Latest data shows that inflationary pressures are softening in the US, UK, and a number of European countries, and this together with lower oil prices and a nudge higher in US unemployment has led to expectations that the Federal Reserve, the Bank of England and the European Central Bank may opt for interest rate cuts earlier than initially expected. Money markets have fully priced in 100 basis points’ worth of rate cuts by the ECB by the end of 2024.

Though the rate rise cycle seems close to being over and some money that has been parked in bonds for the last six to nine months is likely to move back into equities, there is no promise of a fast stock market recovery on the horizon. In those circumstances opting for high dividend stocks, a strategy that has worked well this year, may be a better option than plain vanilla investment.

The question is which stocks, and in which geographies?

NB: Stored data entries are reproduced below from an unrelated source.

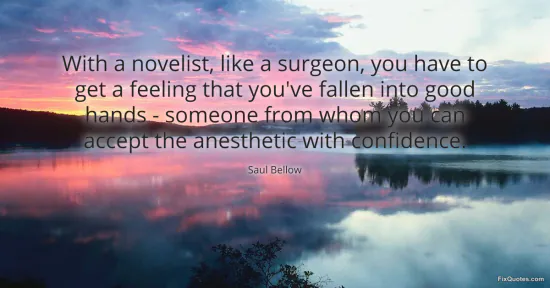 Bellow, Saul. "With a novelist, like a surgeon, you have to get a feeling that you've fallen into good hands - someone from whom you can accept the anesthetic with confidence." FixQuotes. January 18, 2026. https://fixquotes.com/quotes/with-a-novelist-like-a-surgeon-you-have-to-get-a-21150/.
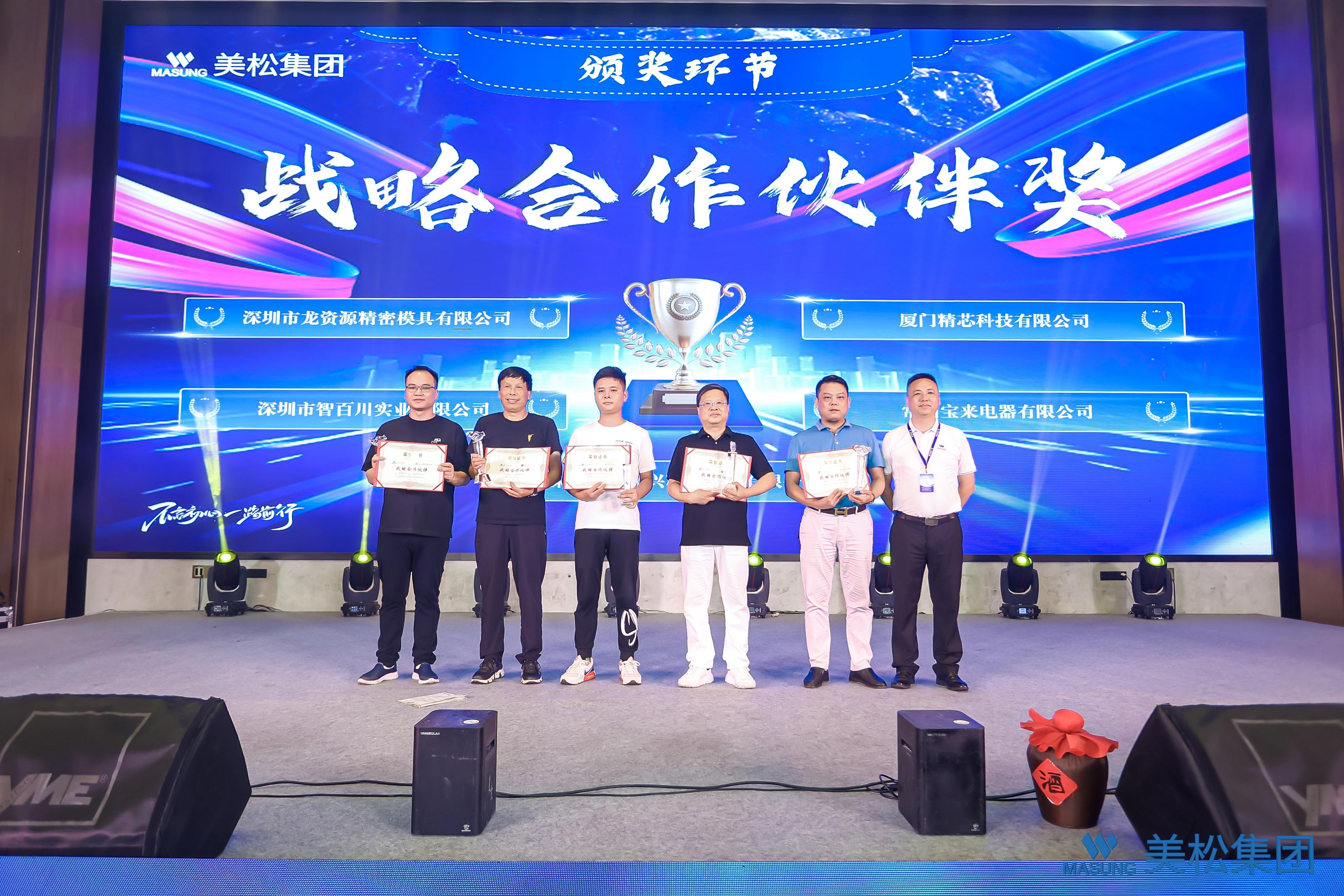美松人為感謝所有陪同美松風(fēng)雨兼程,一路前行的合作伙伴們。現(xiàn)場(chǎng)為優(yōu)質(zhì)合作伙伴頒發(fā)了陪伴成長獎(jiǎng)、戰(zhàn)略合作伙伴獎(jiǎng)、優(yōu)秀供應(yīng)商獎(jiǎng)。思想創(chuàng)造價(jià)值,才智彰顯風(fēng)華,一直以來和美松優(yōu)勢(shì)互補(bǔ),共求發(fā)展。感謝他們用真誠贏得信任,用品質(zhì)換來永恒。嚴(yán)把質(zhì)量關(guān),為美松呈現(xiàn)高品質(zhì)的產(chǎn)品,為鞏固美松品牌形象創(chuàng)下驕人的成績;感謝他們對(duì)待美松始終堅(jiān)定的開啟“攜手并進(jìn)”的馬達(dá),積極配合、腳踏實(shí)地。
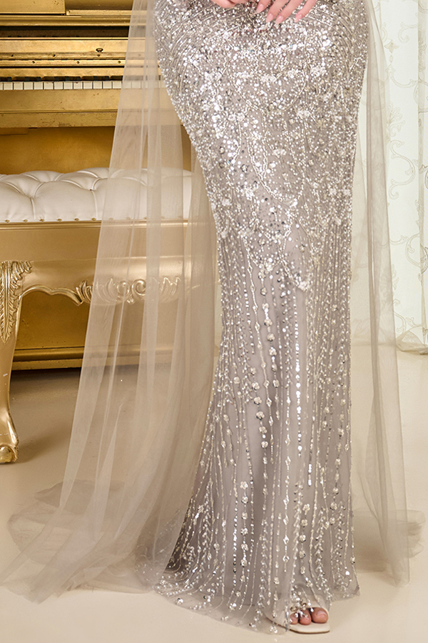 Color: SILVERA luxurious mother of the bride or groom gown is designed to make a lasting impression. Classic sweetheart neckline and richly embellished with intricate beading and shimmering sequins throughout. Elegant, detached off-the-shoulder long sleeves add a modern yet timeless touch. A zippered back ensures a seamless fit, while the look is completed with a matching capelet and a detachable mesh overskirt train.
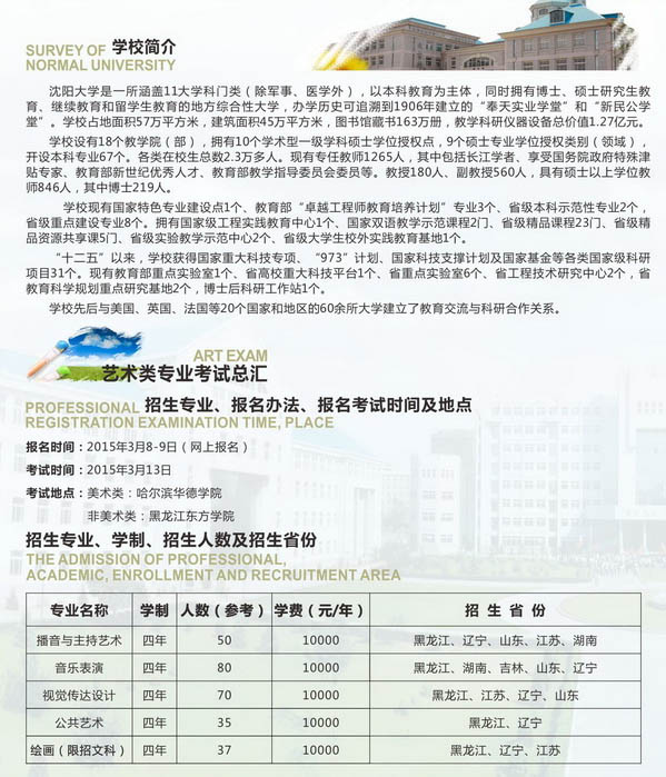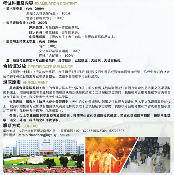 相關(guān)熱詞搜索:沈陽大學(xué) 黑龍江 藝術(shù)類 招生簡章
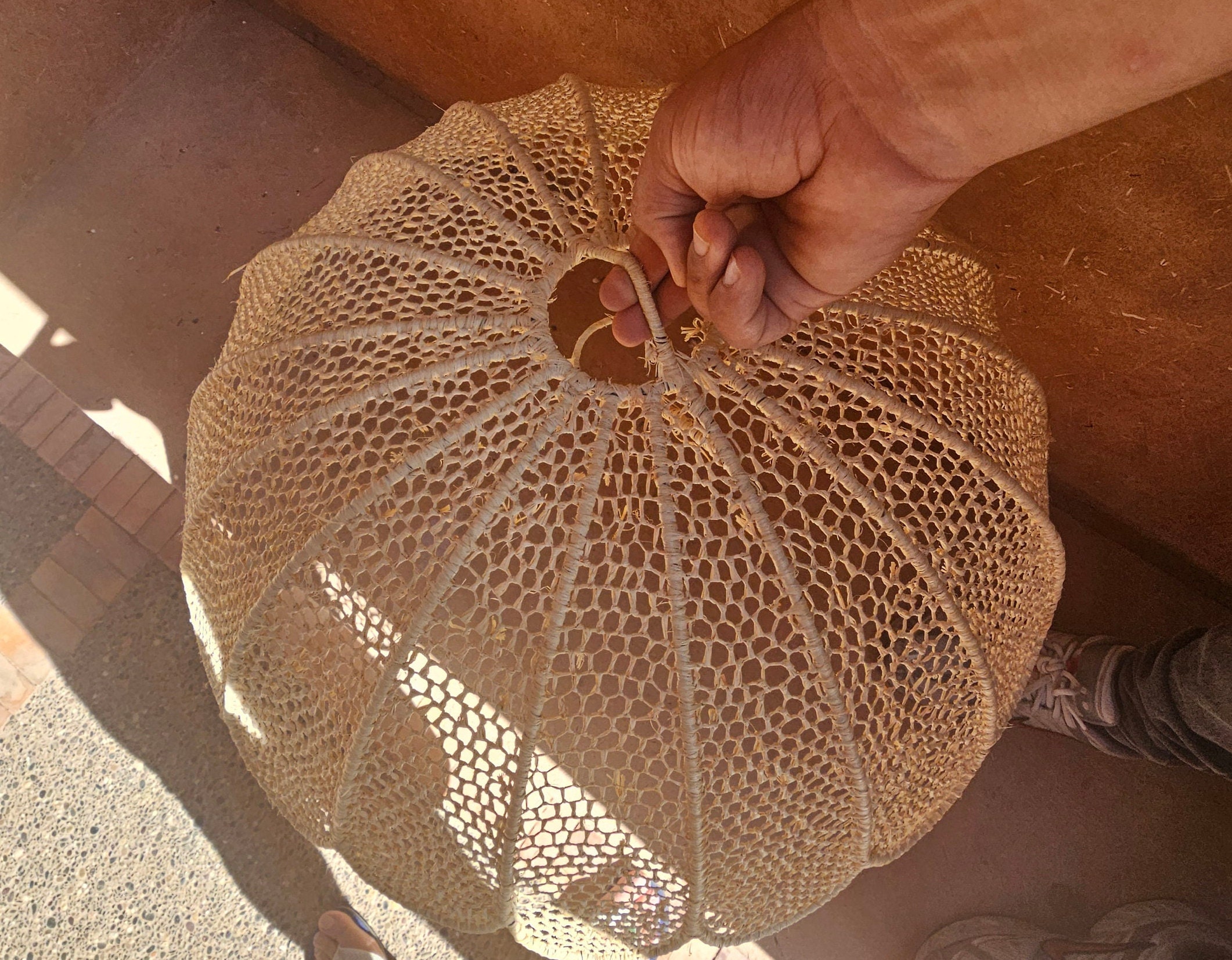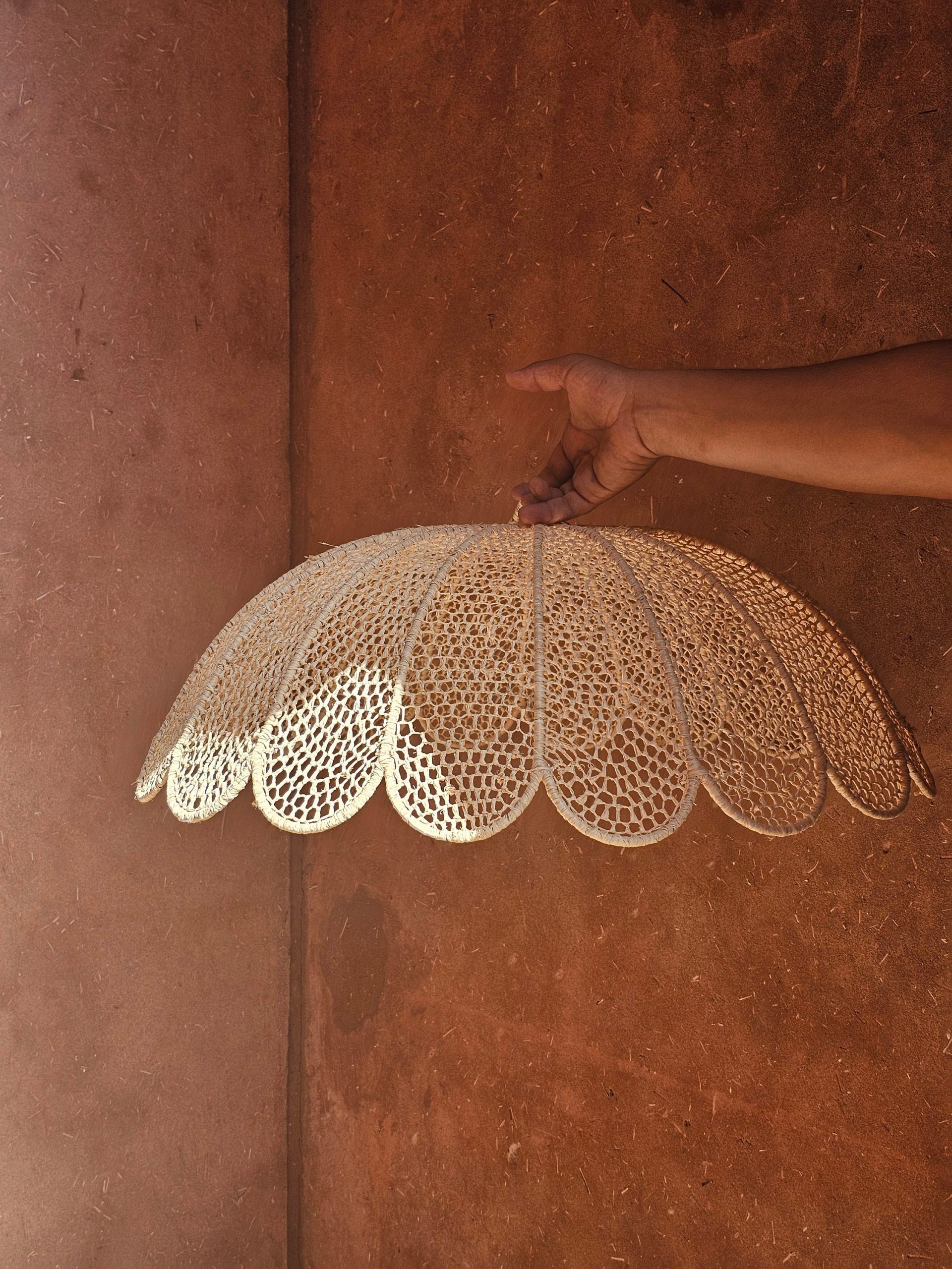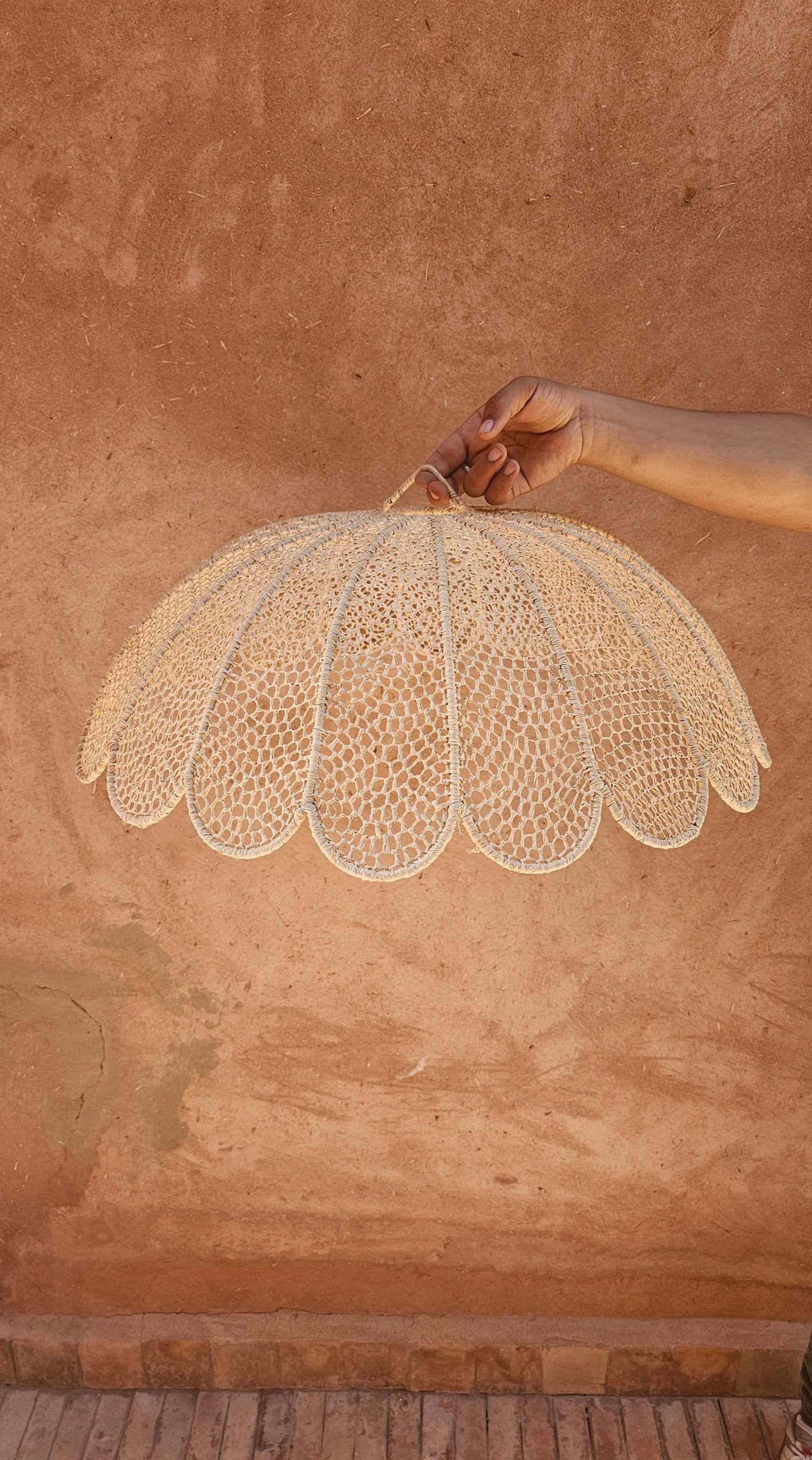 This raffia pendant light embodies the very essence of Moroccan craftsmanship, combining both aesthetic beauty and practical functionality. Handcrafted, it features a metal frame, offering a sturdy and elegant structure.

There are a few different investment approaches. One is to opt for companies that offer one-off ultra-high dividend payouts, ranging from 200% to 700% and usually connected to some sort of one-off or terminal event. A case in point is Europe’s highest dividend yield this year of 700% paid out by French firm Neocom Multimedia (MLNEO) after the firm sold its business and liquidated.

Another European stock (although not Eurozone as Norway is not in the EU) is Norwegian health tech company PasientSky. The company paid out a 480% yield earlier this year after it sold two of its subsidiaries.

The more reliable and durable approach is to opt for companies that consistently pay high dividends and for companies that increase their dividend year on year. There are over three hundred companies that fall into that category in Europe and over 500 in the US. If we are looking only over a 12-month period European companies have performed better than their US peers.


The WisdomTree US Quality Dividend Growth UCITS ETF is trading 4.83% higher since the start of the year and up 6.14% over the last year. In contrast, the WisdomTree Eurozone Quality Dividend Growth Index quoted in euros returned 7.47% year to date and 13.14% over the last 12 months.

Some of the best performers in Europe this year include Belgian communications firm Proximus (yield of 17.20%), Greek oil company Hellenic Petroleum (14%), Spain’s Enagas (11%), and German companies Telefonica Deutschland (10.3%), RTL Group (10.3%) and BMW (9.6%).

In the UK the highest yielding dividend stocks this year include Diversified Energy, Phoenix Group, British American Tobacco, National Grid, Intermediate Capital, Rathbone and Smurfit Kappa, paying out an average yield of 8.60%.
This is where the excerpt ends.